Mechanism-driven strategies for prevention of rheumatoid arthritis

Abstract

In seropositive rheumatoid arthritis (RA), the onset of clinically apparent inflammatory arthritis (IA) is typically preceded by a prolonged period of autoimmunity manifest by the presence of circulating autoantibodies that can include antibodies to citrullinated protein antigens (ACPA) and rheumatoid factor (RF). This period prior to clinical IA can be designated preclinical RA in those individuals who have progressed to a clinical diagnosis of RA, and an 'at-risk' status in those who have not developed IA but exhibit predictive biomarkers of future clinical RA. With the goal of developing RA prevention strategies, studies have characterized immune phenotypes of preclinical RA/at-risk states. From these studies, a model has emerged wherein mucosal inflammation and dysbiosis may lead first to local autoantibody production that should normally be transient, but instead is followed by systemic spread of the autoimmunity as manifest by serum autoantibody elevations, and ultimately drives the development of clinically identified joint inflammation. This model can be envisioned as the progression of disease development through serial 'checkpoints' that in principle should constrain or resolve autoimmunity; however, instead the checkpoints 'fail' and clinical RA develops. Herein we review the immune processes that are likely to be present at each step and the potential therapeutic strategies that could be envisioned to delay, diminish, halt or even reverse the progression to clinical RA. Notably, these prevention strategies could utilize existing therapies approved for clinical RA, therapies approved for other diseases that target relevant pathways in the preclinical/at-risk state, or approaches that target novel pathways.
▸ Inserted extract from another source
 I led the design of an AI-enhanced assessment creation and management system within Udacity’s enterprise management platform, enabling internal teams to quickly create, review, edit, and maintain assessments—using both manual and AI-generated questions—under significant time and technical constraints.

Keywords: Autoimmune disease; Inflammation; Mucosa; Prevention; Rheumatoid arthritis.

Figure 1.. Natural history of RA development.

RA progresses through a series of stages first identified in first-degree relatives (FDR) by evidence of local mucosal ACPA production and inflammation at distinct sites in the absence of systemic autoantibodies, and is next characterized in a subset of those individuals by development of detectable circulating RA-specific autoimmunity, with or without arthralgias. The presence of systemic ACPA is followed by eventual progression in a very high proportion of individuals to symptoms and signs of joint involvement, and eventually clinically diagnosed and classifiable RA. Notably, there is the possibility of reversion at each step, although the likelihood diminishes as clinical disease further evolves.
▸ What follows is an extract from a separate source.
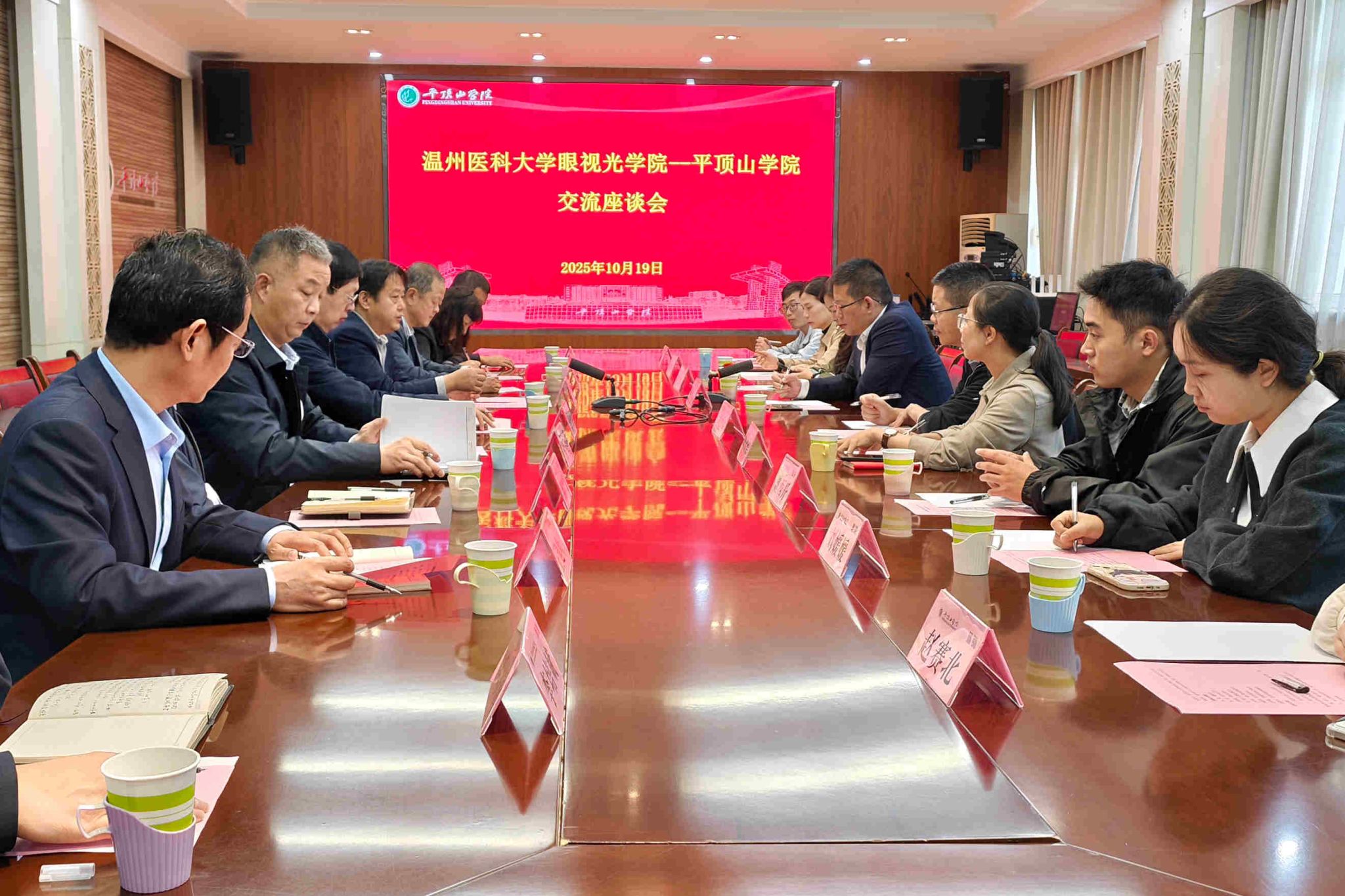 张建书记详细介绍了温州医科大学眼视光学院(生物医学工程学院)、附属眼视光医院的发展历程、学科体系和科研建设情况,高度评价了平顶山学院在服务地方经济与产业发展过程中形成的鲜明特色,尤其是围绕产业链布局创新链,实现了教育与医疗的深度融合。他表示,温州医科大学愿与平顶山学院携手共进,探索更多合作模式,并希望今后有更多温州医科大学优秀毕业生能够加入平顶山学院,为学校的教育事业和眼健康产业发展贡献力量。

Figure 2.. Model of RA development transitioning from local immune responses to systemic autoimmunity to inflammatory arthritis.

RA progresses through a process originating in mucosal sites (periodontum, mouth, intestine, lung, likely others) (A) where ACPA are produced locally, followed by spread to a systemic immune response identified through serum RA-related autoantibodies, IgA plasmablasts, and both B and T cell immune reactivity (B). This is followed by the development of arthritis (C).

Figure 3.. “Failed checkpoint” model of RA development as disease evolves from local immune responses to systemic autoimmunity and then inflammatory arthritis.

Shown are key steps during RA evolution where it appears that drivers of disease overcome normal mechanisms that restrain autoimmune disease development. Checkpoint #1: Mucosal microbiome homeostasis. Checkpoint #2: Mucosal barrier and cellular responses. Checkpoint #3. Adaptive immunity and expansion/spreading of autoimmune response. Checkpoint #4: Synovial inflammation and persistence thereof.